> [TASK DESCRIPTION]:
When the line containing "Odolná a skladná" appears in the data below, begin copying there and stop only after the line containing "21世纪英文报在线教育事业部".

> [DATA]:
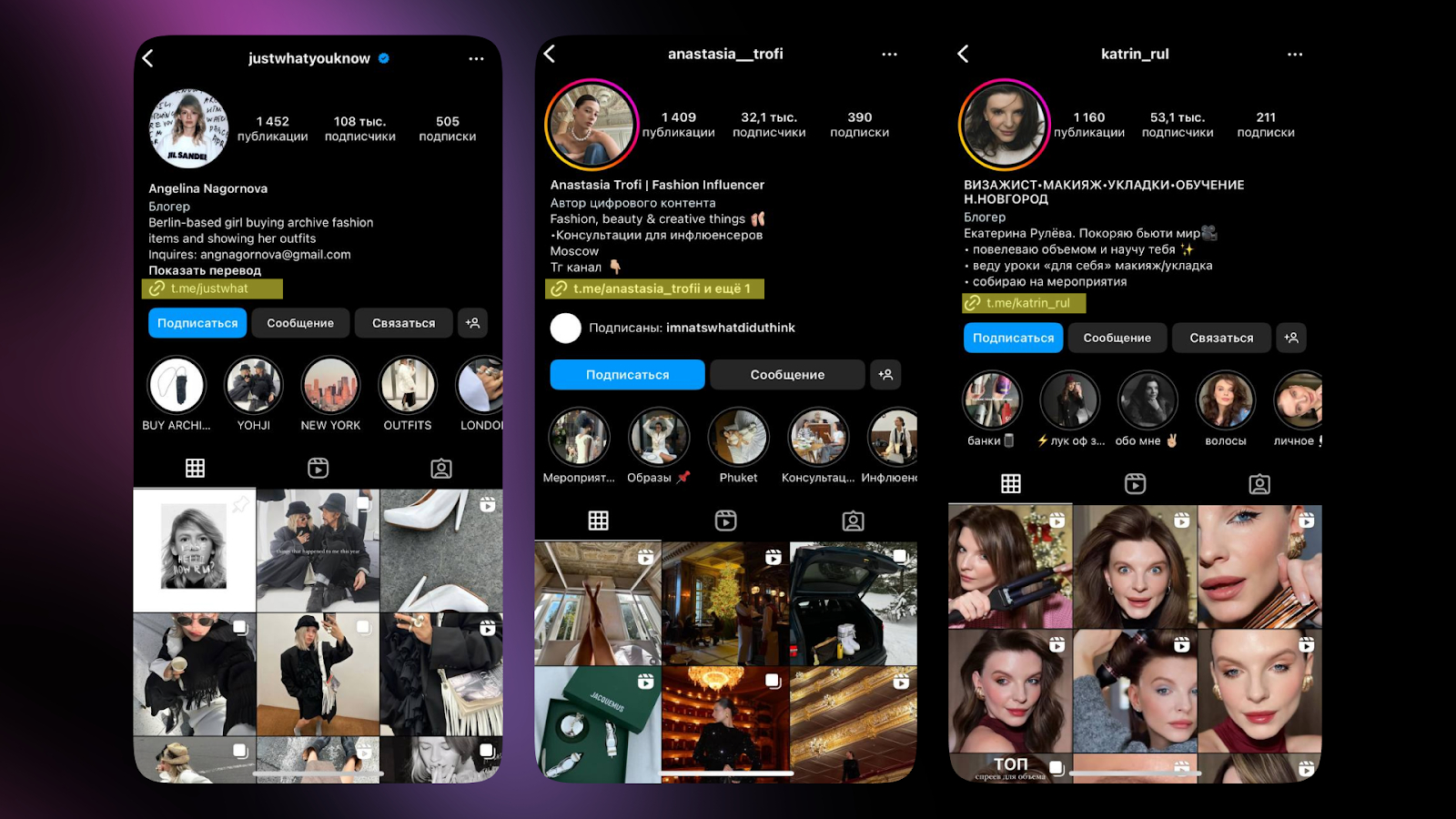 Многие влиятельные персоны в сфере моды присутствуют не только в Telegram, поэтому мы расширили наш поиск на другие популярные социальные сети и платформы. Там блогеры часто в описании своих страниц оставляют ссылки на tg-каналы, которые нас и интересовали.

==

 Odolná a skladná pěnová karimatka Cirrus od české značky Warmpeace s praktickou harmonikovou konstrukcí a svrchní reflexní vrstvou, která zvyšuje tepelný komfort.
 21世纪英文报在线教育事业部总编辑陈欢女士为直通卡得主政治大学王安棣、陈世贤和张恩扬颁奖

> [SOLUTION TO THIS EXERCISE]:
 Odolná a skladná pěnová karimatka Cirrus od české značky Warmpeace s praktickou harmonikovou konstrukcí a svrchní reflexní vrstvou, která zvyšuje tepelný komfort.
 21世纪英文报在线教育事业部总编辑陈欢女士为直通卡得主政治大学王安棣、陈世贤和张恩扬颁奖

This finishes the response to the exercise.